Americans used to have the smartest tactics for removing an unwanted head of any global institution; tar the person with a brush of “scandal” or “corruption” and rely on Western allies to fall in line. It is the manifestation of the US “soft power” which has been eroded in recent times, not least by the Trump administration itself. Thus, in his bid for a second term, Adesina was suddenly ambushed by a litany of allegations of “corruption” and “nepotism” by an anonymous employee of the bank; a whistleblower. The bank’s internal Ethics Committee immediately smelt a rat. It investigated the complaints and promptly cleared Adesina of any wrongdoing. America, the second largest shareholder of the bank after Nigeria, kicked against the committee’s conclusions and insisted on an “independent” investigation of the allegations. The board of the bank felt slighted by this demand, but gave in, and mandated a “High-Level Panel of Independent Experts” to carry out a review of its Ethics Committee’s clearance of Adesina. It was headed by Professor Mary Robinson, former President of the Republic of Ireland. Its verdict was as compelling as it comes: “It has considered the President’s submissions on their face and find them consistent with his innocence and to be persuasive. Complaints were correctly dismissed at the stage of preliminary examination”. Most damning of all, it concluded that the “complaints did not satisfy the threshold of credibility and substantiation”.

With that clean bill of health, Adesina was confirmed for a second term.

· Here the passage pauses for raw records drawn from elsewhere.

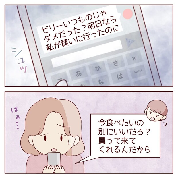 ![息子の言いなり「体調が悪いから仕方ない」夜でも指定のゼリーを求め笑顔で外出。体調が悪いと義母を呼ぶ夫[5]|ママ広場マンガ](https://assets.mama.aacdn.jp/contents/27/2025/9/1759102228806_ct0neq4gh1.jpg?maxwidth=620)
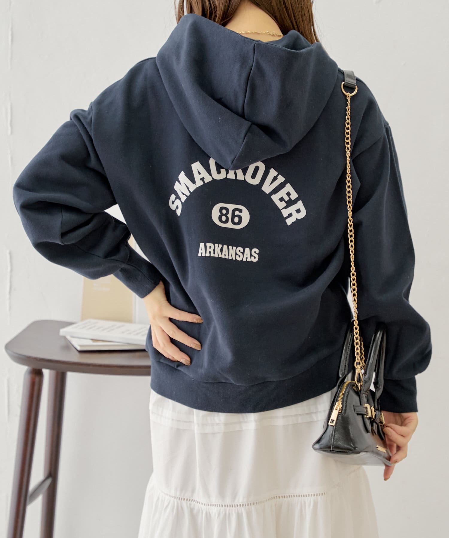 ・バックプリントのベーシックなカラーのスウェットパーカーです。
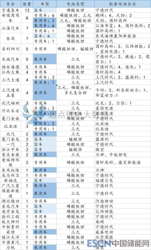 共有28家電池企業(yè)提供配套,包括寧德時代、國軒高科、東風海博襄陽新能源、星恒電源/鵬輝/江淮華霆、比亞迪/億緯鋰能/盟固利/微宏/天勁/上汽時代等。
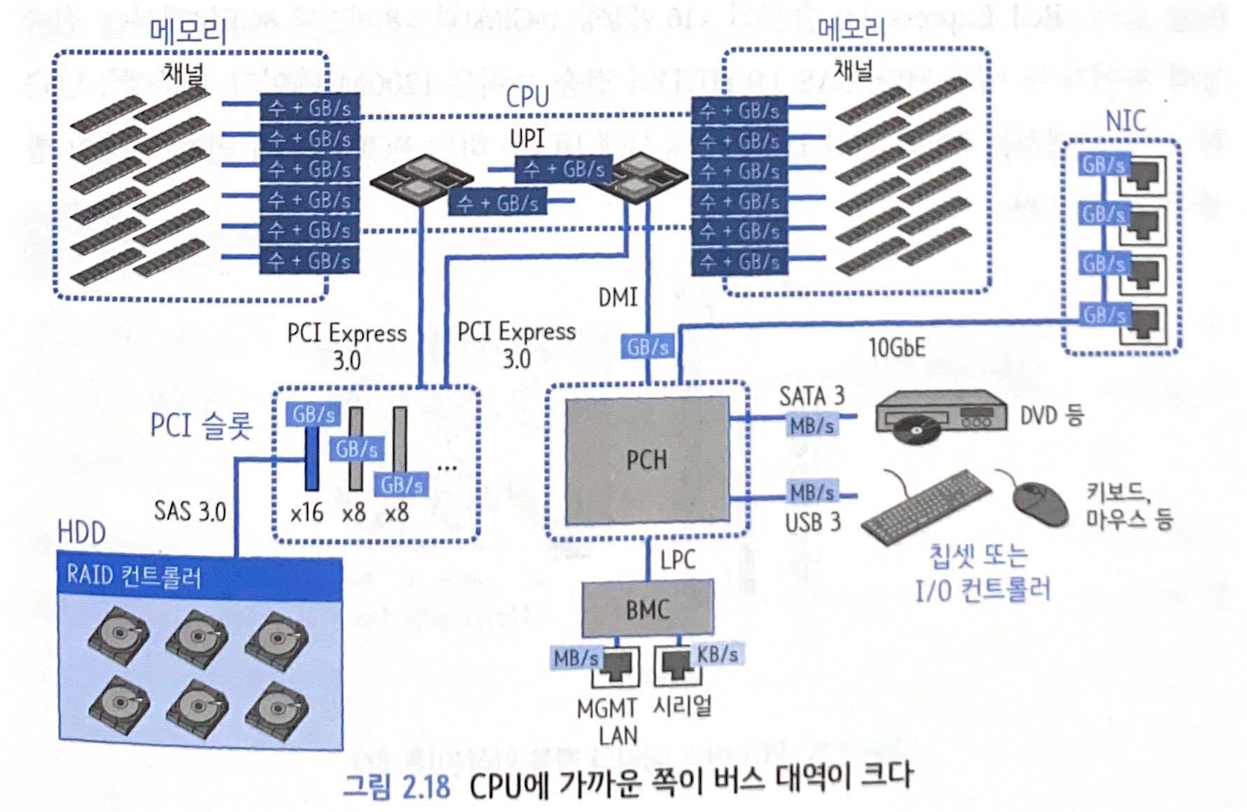 - 버스 흐름에서 중요한 것은 CPU와 장치 사이에 병목 현상(데이터 전송이 어떤 이유로 막혀 있는 상태, Bottleneck)이 없어야 한다는 것
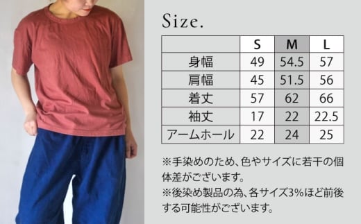 オーガニック コットン 綿100 手染め 草木染め Tシャツ 半袖 トップス ファッション インナー 女性用 レディース 男性用 メンズ ユニセックス 男女兼用 ギフト 贈答 プレゼント
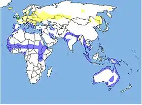 ![]() Distribution of Black-tailed Godwit: blue=winter- and staging area, yellow=breeding area, green=both, resident | |
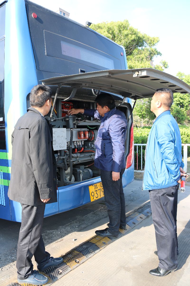 檢查組根據方案,早上6點,分別深入BRT東區、東部公交、新華、西門等東西區19個停車場、始發站和龍河廣場、華北橋、西園路等5個BRT站臺,利用酒精檢測儀隨機抽查駕駛員是否存在酒駕,三證攜帶是否齊全有效,車輛的安全消防設施設備是否完好,場站保衛及值班人員是否在崗、充電人員是否正確佩戴勞動防護用品;現場對駕駛員、站務員、充電人員及保衛人員應急處置和滅火器操作流程是否熟練掌握進行了重點檢查,并要求現場演示,直到過關為止。隨后,又細致排查了各維修車間線路、用電及乙炔氧氣瓶的安全擺放等。
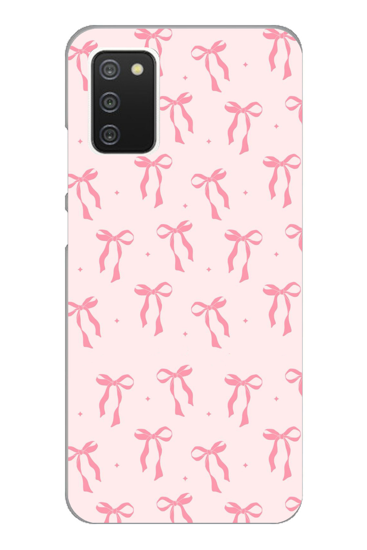 ميزات حافظة سيليكون مطبوع متوافقة مع هاتف سامسونج جالاكسي A02S بنمط فيونكة وردية ناعمة من TechTree
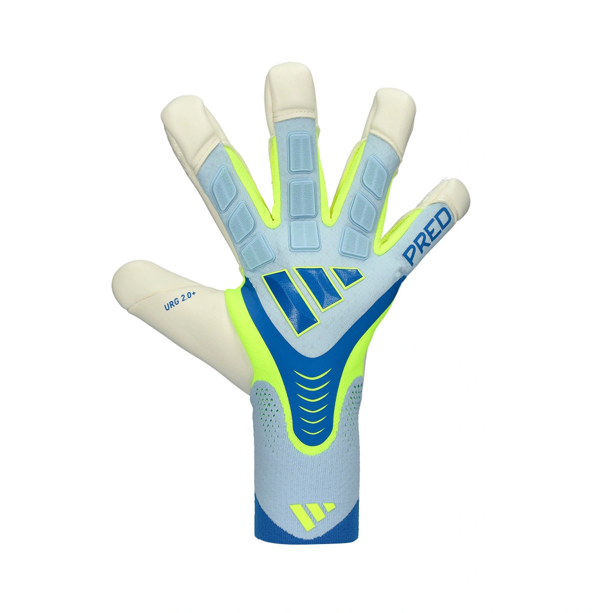 Gants de gardien Predator Pro Hybrid d'adidas. Gants pour adulte montés en coupe négative en coloris crystal sky-solar yellow.

The US Treasury Secretary, Steve Mnuchin, who had spearheaded the fierce opposition to Adesina’s re-election, went back home with his tale between his legs. China, the main beneficiary of any US humiliation on that front, has remained tight-lipped and in the shadows all along. Chinese officials must be wringing their hands with glee at the comeuppance for America. The bank’s new capitalisation, $208bn, though substantial, is only equal to the level of China’s sprawling investment on the continent. The looser America’s economic grip becomes, the better for China’s influence. It is probably an inevitable consequence of America’s persistent attempt to have its cake and eat it too on the global stage. This is where “America first” doctrine comes face to face (and indeed) collides with reality. Necessity for multilateralism and respect for traditional allies (anathema in Donald Trump’s worldview), are, nevertheless, paramount for success. It is not too late for America though. It can, and will bounce back from its go-it-alone, debilitating, attitude only if it stops banging on how much the rest of the world owes ‘us’, and realises how it needs the rest of the world to help salvage something from its rapidly dwindling global economic dominance.